Summaries
The papers assigned for this class touch upon the influence of social media on healthcare and medical conditions. The first paper tries to profile users on Twitter into three groups — pro-vaccination, anti-vaccination, and converts to anti-vaccination — based on linguistic features from their Twitter feed over four years. The authors build an attitude (stance) classifier, which is subsequently used to classify users as pro- or anti-vaccination if 70% or more of their tweets leaned one way. Then, the authors run the Meaning Extraction Method on these users tweets to find the themes. They perform a between-groups analysis and observe that anti-vaccination tweeters are anti-government, discuss the effects of organic food, and mention family-related words often, as compared to pro-vaccinations tweets which mentioned chronic health issues and technology more. They also found that converts to anti-vaccination were influenced by the hoax story on “#CDCWhistleBlower”.
Choudhary et al. conduct an interesting study on predicting depression via social media. In the same vein as the first paper, they look to analyze linguistic cues, as well as other behavioral traits, that precede a depression diagnosis. They create a gold standard corpus of tweets from users who were diagnosed with MDD using the CES-D^2 test. Based on user consent, they quantify an individual’s social media behavior for a year ahead of the date of diagnosed depression. The authors find that individuals with depression show lowered social activity, greater negative emotion, increased medicinal concerns, and heightened expression of religious thoughts. The authors eventually build a classifier that can predict depression ahead of time with an accuracy of 70%.
Reflections
I found the content of both papers very engaging and socially relevant. In some sense, I expected anti-vaccination proponents to have similar beliefs about other conspiracy theories, as well as an angry and aggressive tone in their tweets. This was validated by the research.

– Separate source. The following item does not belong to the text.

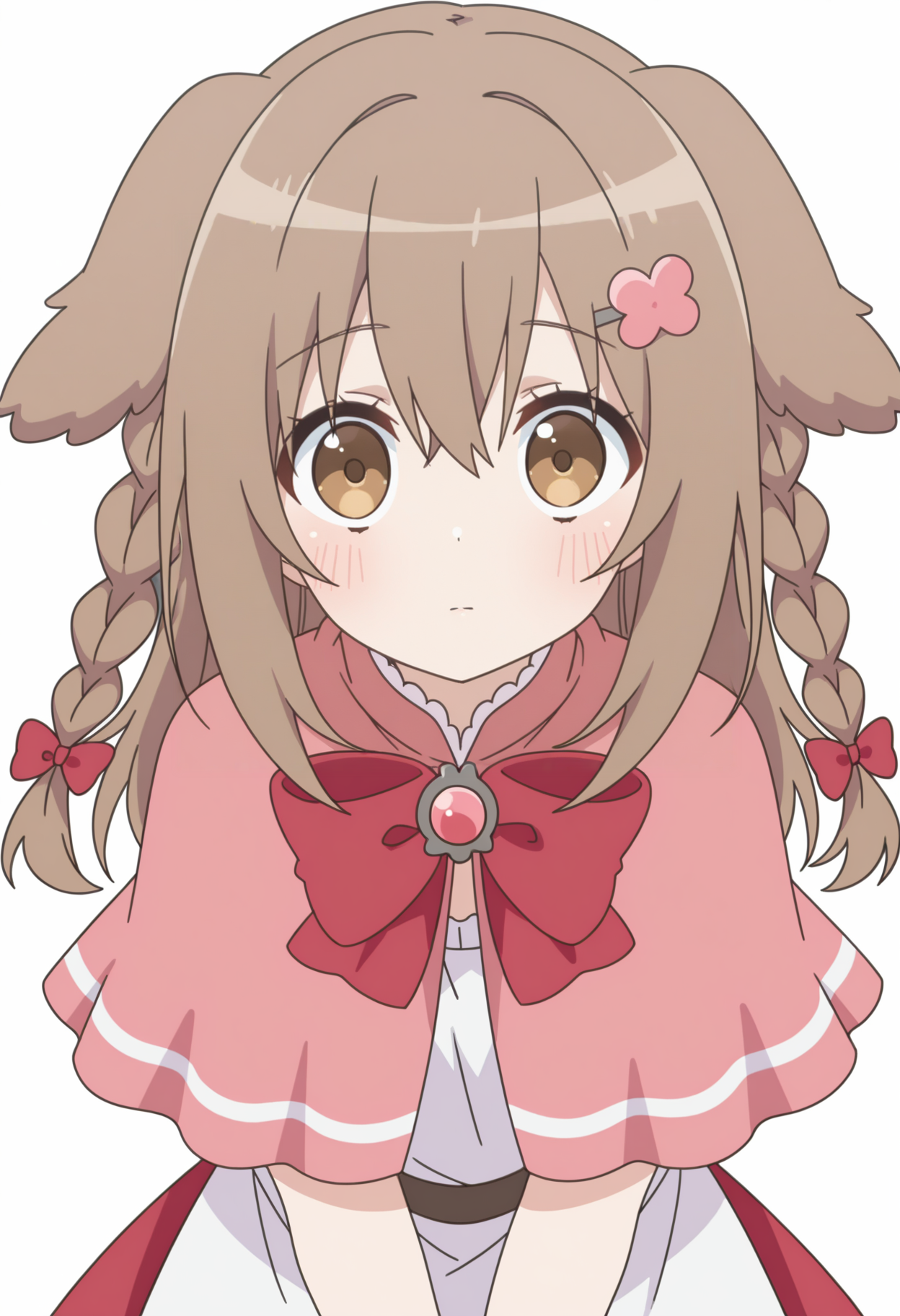 • 犬の耳、ホワイトの太ももハイソックス、ピンクのカプリ、ヘアオーナメント、レッドのリボン、チュニック

The paper would have even more engaging if the authors discussed the fourth class – users who became pro-vaccination, as the ultimate goal would be to encourage more users to get vaccinations and provide herd immunity. I suspect such an analysis would be useful to dispel other conspiracy theories as well. However, I had two concerns with the dataset:
- The authors found 2.12M active-pro (373 users), 0.46M active-anti (70 users), and 0.85M joining-anti (223 users). These users are tweeting almost ~4 times a day. Is it likely some of them are bots?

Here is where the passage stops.